2. Participants with CIndU (cold contact urticaria [ColdU] or symptomatic dermographism) have a UCT of 12 or less following the completion of at least 8 weeks of safety follow up in the parent study OR anyone who completed their parent study regardless of UCT score.
The laboratory parameters to be within the acceptable range as follows:
1. Hemoglobin: ≥ 10 g/dL
2. Platelets: ≥ 100,000/mm3
3. Neutrophils: ≥ 1,500/mm3
4. Alanine aminotransferase (ALT) or aspartate aminotransferase (AST) < 3 × the upper limit of normal (ULN)
5. Serum total bilirubin < 2 × ULN, unless attributable to Gilbert's syndrome
6. Estimated creatinine clearance (eCrCl) by the Cockcroft-Gault equation (using total body weight) ≥ 30 mL/min
Participants willing to abstain from blood donations while being on the trial (Screening to end of trial [EOT]).
Male participants (who are not vasectomized) who are heterosexually active must use highly effective contraceptive methods and must abstain from sperm donation during the trial and for at least 8 months after the last dose of briquilimab. A male participant is considered vasectomized if he had a vasectomy at least 4 months prior to Screening and if he has received post-surgical medical assessment of the surgical success of the vasectomy
Female participants of childbearing potential who are heterosexually active (defined in Section 5.2.1.1) must use highly effective contraceptive methods (Section 5.2.1) during the trial and for at least 90 days after the last dose of briquilimab.

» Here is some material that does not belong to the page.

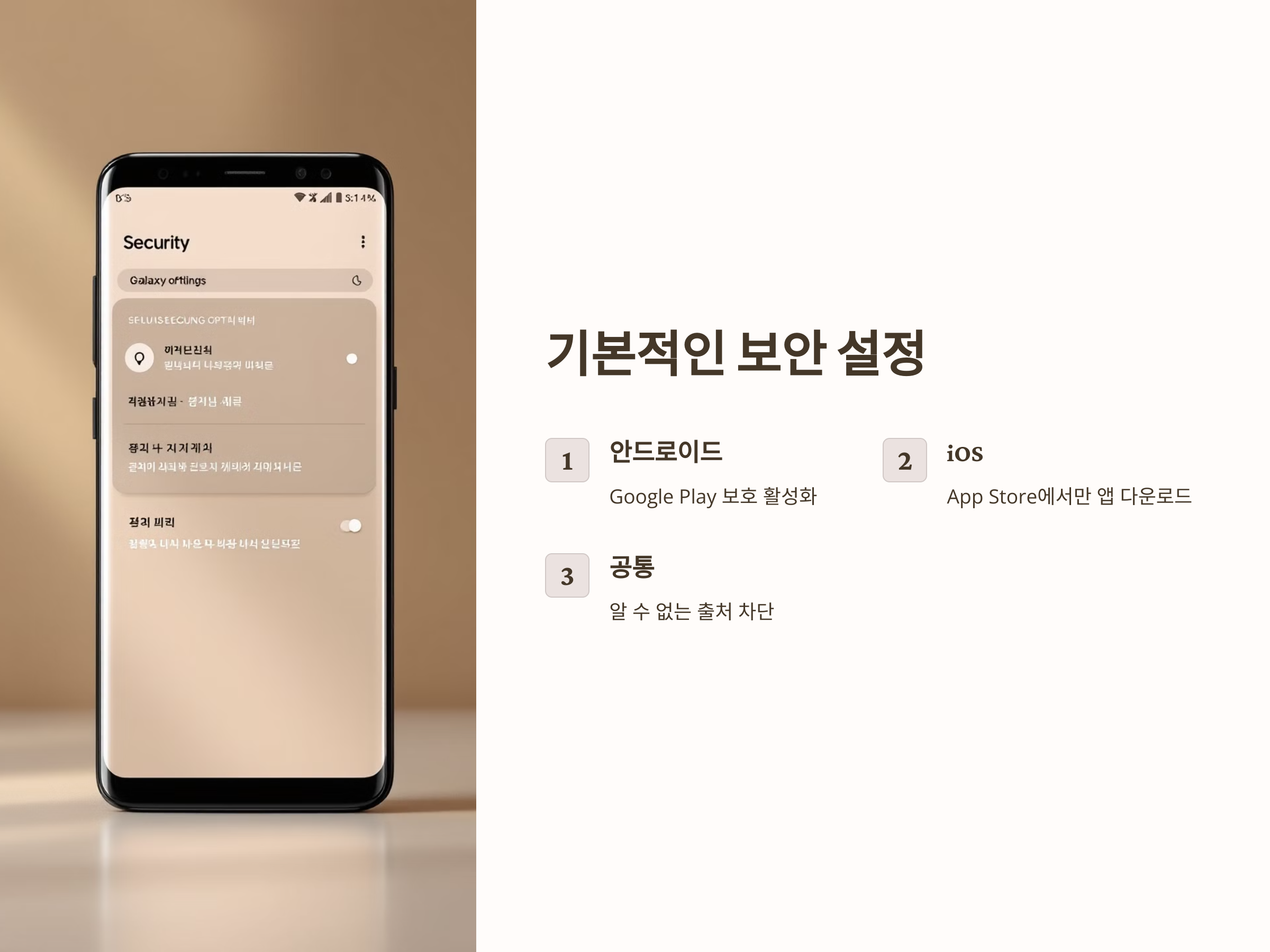 - 알 수 없는 출처 차단: 설정 > 보안 > 알 수 없는 출처

Female participants of non-childbearing potential must be surgically sterile (i.e., had undergone complete hysterectomy, bilateral oophorectomy, or bilateral tubal ligation) or be in a menopausal state (at least 1 year without menses).

Exclusion criteria

Participated in or currently participating in an interventional clinical trial investigating an experimental therapy following cessation of participation in a Jasper-sponsored CU trial.

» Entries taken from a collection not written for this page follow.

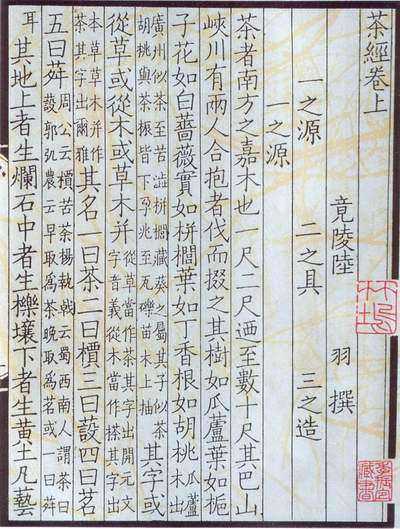 茶之为饮,发乎神农氏,闻于鲁周公,齐有晏婴,汉有杨雄、司马相如,吴有韦曜,晋有刘琨、张载、远祖纳、谢安、左思之徒,皆饮焉。滂时浸俗,盛于国朝,两都并荆俞[原注:俞,当作渝。巴渝也]间,以为比屋之饮。
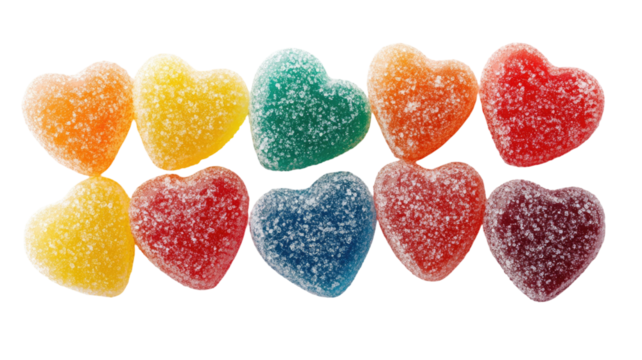 Gummy heart shaped sugar coated jelly isolated on a transparent background
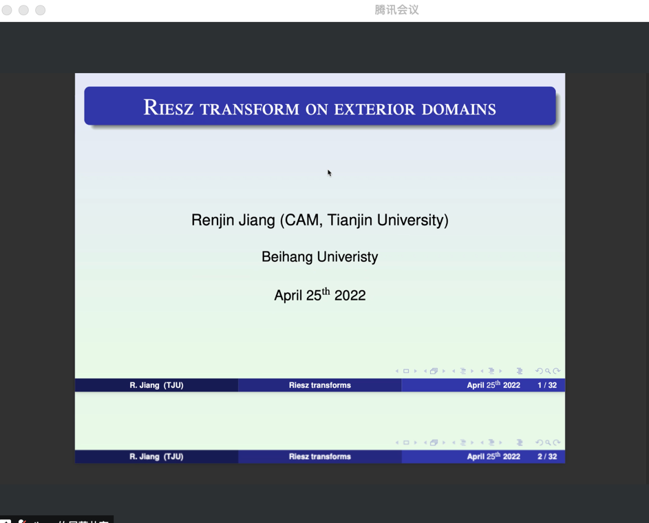 2022年04月25日,天津大学蒋仁进教授,应邀为太阳集团tcy8722师生做了题为 “Riesz transform on exterior domains”的学术报告,报告由张安老师主持。
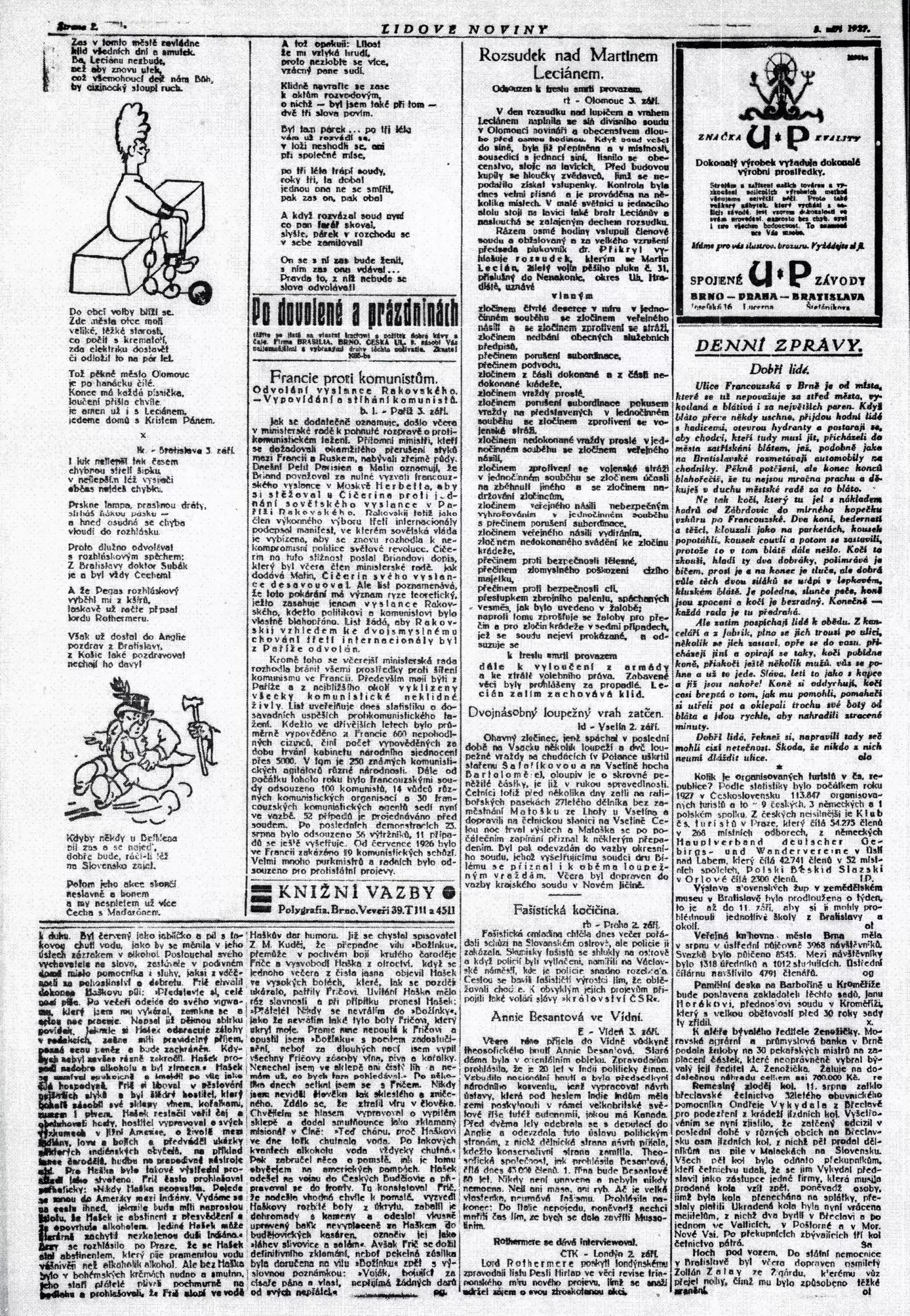 Lidové noviny ze dnů 1. září 1927 a 3. září 1927 se zpravodajstvím z procesu s Martinem Leciánem před olomouckým vojenským soudem a s „rozhláskem“ na toto téma od brněnského novináře a spisovatele Rudolfa Těsnohlídka (1882–1928).

Other active diseases with possible symptoms of urticaria, wheals or angioedema, including urticarial vasculitis, erythema multiforme, systemic or cutaneous mastocytosis (urticaria pigmentosa), and hereditary or acquired angioedema (e.g., due to C1 inhibitor deficiency)

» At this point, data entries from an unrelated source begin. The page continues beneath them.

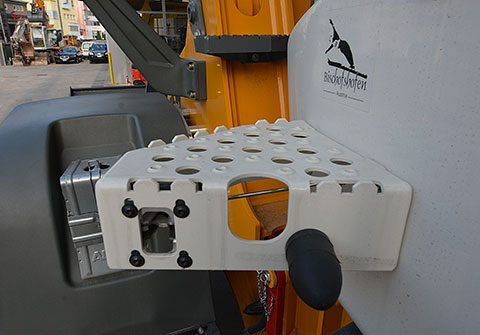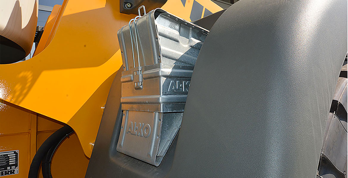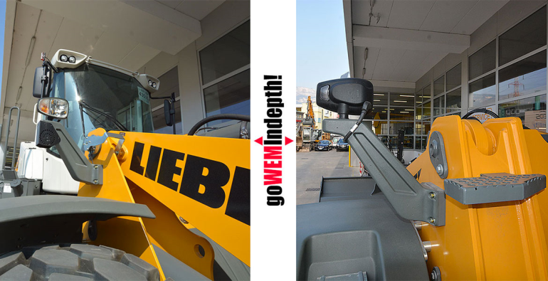 Fari di lavoro e luci di marcia sono collocati su supporti in materiale plastico antiurto di colore grigio scuro con il RAL usato da Liebherr sulle proprie macchine. Anche i parafanghi anteriori sono dello stesso materiale. Una scelta che va nella direzione della qualità sia per il tipo di plastiche utilizzate sia perché non soggette a ruggine nel tempo dopo essere stata colpite dai classici sassolini che precipitano nel normale lavoro quotidiano. Rispetto al classico acciaio garantiscono una durata maggiore ma, per contro, non possono essere riparate, ma solo sostituite.
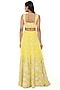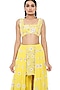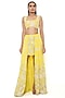 Featuring a yellow skirt in georgette base with embroidery. It is paired with a matching top and a mukaish net dupatta.
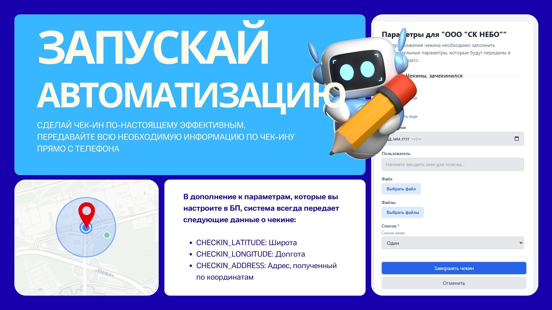 Запуск бизнес-процессов: Сделайте чекин не просто отметкой, а триггером для дальнейших действий. После успешного визита приложение может автоматически запустить любой настроенный вами бизнес-процесс.

Women who are pregnant or nursing or intend to become pregnant during the course of the trial
Any known contraindications or hypersensitivity to any component of briquilimab, drugs of similar chemical classes (i.e., to murine, chimeric or human antibodies) or antihistamines or leukotrienes. Those who have previously experienced an IP-related anaphylactic event, IP-related SAE, or IP-related AE that led to treatment discontinuation in a prior Jasper-sponsored urticaria clinical trial, which in the opinion of the Investigator or medical monitor, may indicate that continued treatment could present an unreasonable risk to the participant are also excluded.
Any other acute or chronic medical or psychiatric condition or laboratory abnormality that could increase the risk associated with trial participation or briquilimab administration or could interfere with the interpretation of trial results and, in the judgment of the Investigator, would make the participant inappropriate for entry into the trial.